Canadareg <-read.csv("~/Desktop/Canada.csv",header=TRUE) #browse to select data "Canada.csv"
male <- ifelse(Canadareg$ITSEX==2,0,1)
Canadareg <- cbind(Canadareg,male)
Canadareg[Canadareg==999999]=NA
Canadareg <- na.omit(Canadareg)
CanadaBMA <- subset(Canadareg, select=c(ASRREA01,male,ASBG04,ASBGSBS,ASBGSMR,ASBGSCR,
ASBR05E,ASBR05F,ASBR05G))
male (1=male)
ASBG04 = # of books in home 1) 0-10, 2) 11-25, 3) 26-100, 4) 101-200 5) More than 200
ASBGSBS = Bullying/teasing at school (higher values mean less bullying/teasing)
ASBGSMR = Students motivated to read (4pt, strongly agree to strongly disagree)
ASBGSCR = Students confidence in their reading (")
ASBR05E = Teacher is easy to understand (")
ASBR05F = Interested in what teacher says (")
ASBR05G = Teacher gives interesting things to read (")

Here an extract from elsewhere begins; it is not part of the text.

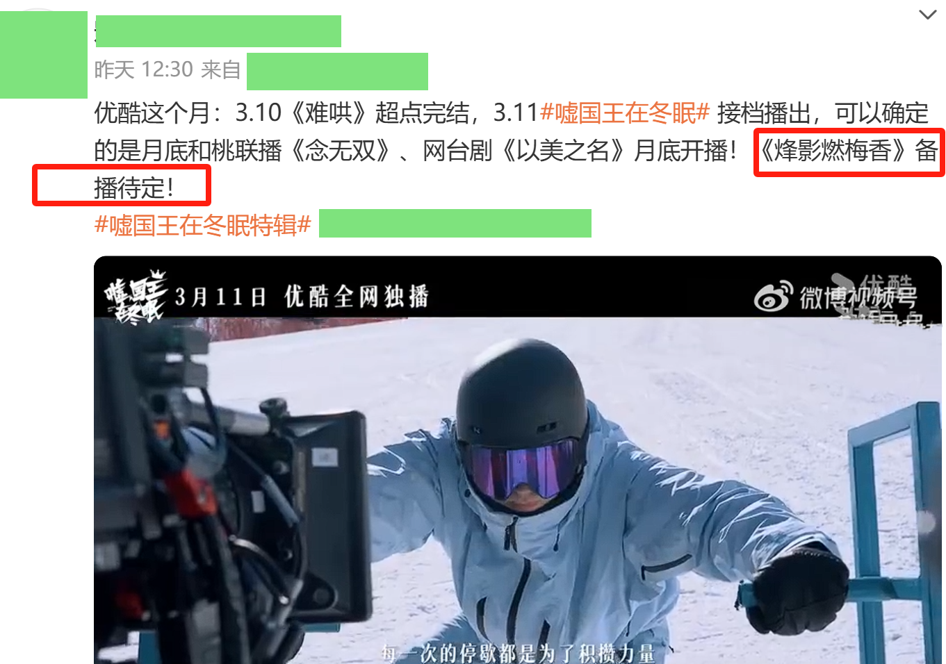 我看《烽影燃梅香》有这个机会,网传这部剧将于3月在酷开播。

ASRREA01 is the first plausible value reading score
y <- CanadaBMA[,1]
x <- CanadaBMA[,2:9]
BMA
using bicreg
and get plots. The analysis assumes unit information priors
on the parameters and a uniform
prior on the model space.CanadaBMA1 <- bicreg(x,y)
summary(CanadaBMA1)
##
## Call:
## bicreg(x = x, y = y)
##
##
## 5 models were selected
## Best 5 models (cumulative posterior probability = 1 ):
##
## p!=0 EV SD model 1 model 2 model 3
## Intercept 100.0 399.9802 17.2465 400.076 399.998 392.000
## male 9.0 0.5434 2.0692 . 6.006 .
## ASBG04 100.0 8.8294 1.9433 8.817 8.969 8.803
## ASBGSBS 100.0 4.4090 1.1079 4.422 4.247 4.314
## ASBGSMR 100.0 -5.7355 1.0745 -5.754 -5.782 -5.879
## ASBGSCR 100.0 13.1241 1.0580 13.143 13.022 12.927
## ASBR05E 5.3 0.1873 1.0482 . . 3.545
## ASBR05F 4.1 -0.1153 0.8138 . . .
## ASBR05G 4.0 -0.1001 0.7276 . . .
##
## nVar 4 5 5
## r2 0.207 0.209 0.208
## BIC -180.823 -176.526 -175.450
## post prob 0.775 0.090 0.053
## model 4 model 5
## Intercept 404.301 404.171
## male . .
## ASBG04 8.819 8.799
## ASBGSBS 4.544 4.502
## ASBGSMR -5.383 -5.443
## ASBGSCR 13.183 13.191
## ASBR05E . .
## ASBR05F -2.799 .
## ASBR05G . -2.499
##
## nVar 5 5
## r2 0.208 0.208
## BIC -174.952 -174.895
## post prob 0.041 0.040
Notice that 5 models are retained using the Occam’s window criterion. Note that the BICs are all roughly the same, indicating very little difference in the choice among the competing models. However, note that the model with the lowest BIC measure obtains a posterior model probability of 0.775, suggesting some model uncertainty. This model uncertainity is not accounted for if one were to choose only a single model to report. Averaging across all of these models takes into account model uncertainty.
The column labeled EV
provides the model averaged coefficients, summed and weighted by the respective posterior model probabilities. The column labeled p! = 0
, gives the posterior inclusion probability
indicating the percentage of times that the variable appears in the models. So, e.g. male
only appears in 9% of the models while ASBG04
appears across all models. This is an alternative measure of the importance of a variable in the context of model uncertainty.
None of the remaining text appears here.